In this context, the national sector-specific authority assumes an essential role in ensuring network neutrality and compliance with liberalisation rules. The close link between the companies operating in the sector and the state (in France formally and substantially public entities, in Italy formally private entities, but substantially in public hands) requires regulation independent of political power to ensure effective third-party status with respect to the economic interests at stake.

The tradition of significant State intervention in public utility sectors seems to have influenced the institutional model adopted for the regulation of railways. In both France and Italy, the establishment of a sector regulatory authority with effective independence from political power was only recently envisaged (in 2009 in France, in 2011 in Italy), only after the European Commission initiated infringement proceedings for violation of liberalisation directives.

Both countries were sanctioned by the European Court of Justice in 2013 for the insufficient independence of the entity in charge of key network access regulation tasks, such as allocating and negotiating the use of infrastructure capacity with transport companies (in the case of France, for giving the dominant railway company the investigative functions on access applications, in the case of Italy, for excessive ministerial interference in determining network access tariffs).

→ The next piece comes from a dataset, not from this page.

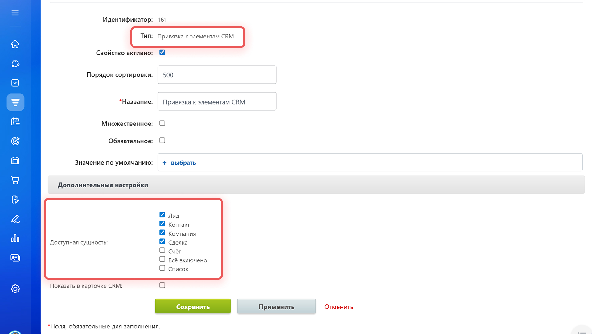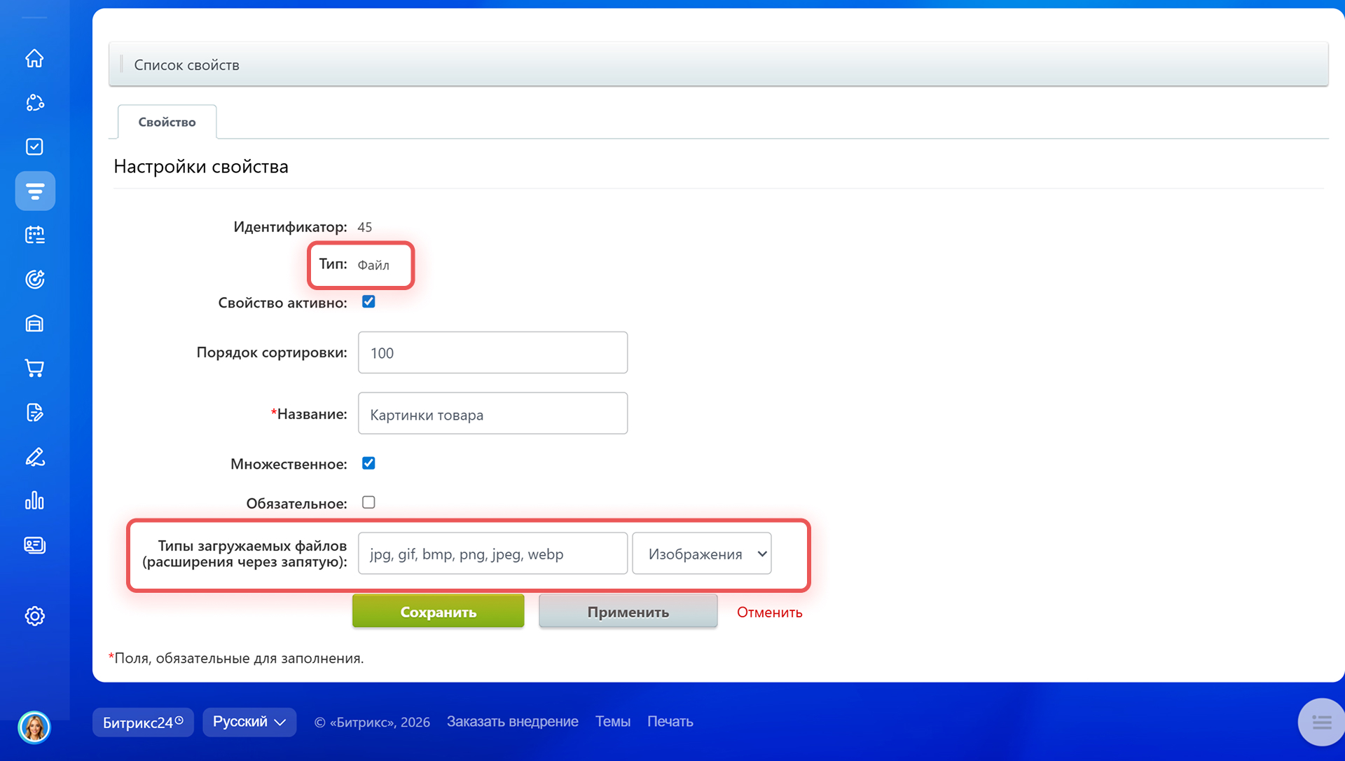 Типы пользовательских полей - Свойство активно — если опция включена, свойство можно добавить в карточку товара или услуги.

Mixed elements emerge from the experiences reviewed. On the one hand, technological integration between rolling stock and infrastructure elements must be taken into account, as well as the need for coordination in investment policies, network management and infrastructure capacity allocation. On the other hand, European liberalisation directives require the adoption of a regulatory system that ensures transparent and impartial network management in order to liberalise the market for transportation services.

These contrasting goals became evident during the preparation of the fourth railway package. The numerous studies and consultations carried out by the European Commission, particularly on the effects of separating the functions of infrastructure manager and railway undertaking, have yielded mixed results. In particular, the report presented on the U.K. rail system found that the fragmentation of the sector has caused an increased burden on users and the State (as also shown by Prof. Tony Prosser’s post in this blog). In that case, the need for more intensive involvement of public authorities in the integration of fares, timetables, route distribution, and so on, was highlighted. On the other hand, however, among the examples of ineffectiveness of the separation obligations between the network operator and the service operator imposed at the European level, the Commission highlighted precisely the cases of Italy and France, with their repeated sanctions by their respective competition authorities.

This shows, once again, how much the diversity between the basic conceptions of rail service, as a competitive market open to private capital, or as a public service to be reserved to the State, has had a decisive influence on the model of management of the sector adopted in the different jurisdictions, as well as, consequently, on the development of European policies in this area.

Greater harmonization of national disciplines in the sector, in line with European liberalisation objectives and increasing the competitiveness of the rail sector with respect to different modes of transport, presupposes the identification of a shared regulatory model. This appears to be extremely complex, as demonstrated by the considerable tensions, political and institutional, that have prevented the approval of the fourth railway package for several years.